LeetCode 3793 - Find Users with High Token Usage

Difficulty: 🟢 Easy
Topics: —

Solution

Problem Understanding

The prompts table records every prompt submitted by a user to an AI system. Each row contains a user_id, the prompt text itself, and the number of tokens consumed by that prompt.

The task is to analyze prompt usage on a per-user basis and return only users who satisfy two separate conditions.

First, the user must have submitted at least three prompts. This means we need to count how many rows belong to each user and filter out users with fewer than three submissions.

Second, the user must have at least one prompt whose token count is strictly greater than that user's own average token usage. The comparison is not against a global average, but against the average calculated only from that user's prompts.

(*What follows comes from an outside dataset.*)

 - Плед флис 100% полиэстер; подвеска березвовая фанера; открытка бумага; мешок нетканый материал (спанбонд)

For every qualifying user, we must output:

user_id
prompt_count, the total number of prompts submitted
avg_tokens, the average number of tokens per prompt rounded to two decimal places

The final result must be sorted by:

avg_tokens in descending order
user_id in ascending order when averages are equal

The input is a relational table rather than an array or graph. This is a SQL aggregation problem where we need to compute per-user statistics and then filter users based on those statistics.

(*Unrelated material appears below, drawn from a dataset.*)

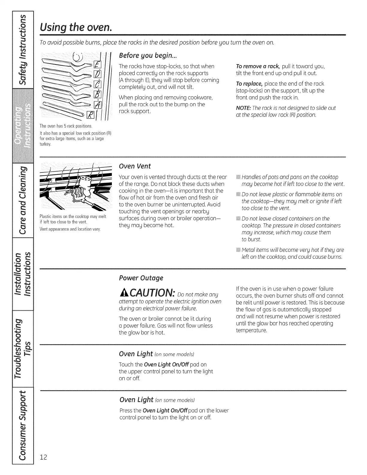 To avoid possible burns, place the racks in the desired position before you turn the oven on.

An important observation is that if a user has multiple prompts and not all prompt token values are identical, then at least one prompt must be greater than the average. Conversely, if every prompt has exactly the same token count, then no prompt is greater than the average. The query therefore needs to verify the existence of a prompt with tokens > average_tokens_for_that_user.

Important edge cases include users with exactly three prompts, users whose prompts all have identical token counts, users with only one or two prompts, and users whose average is a non-integer value requiring rounding in the output.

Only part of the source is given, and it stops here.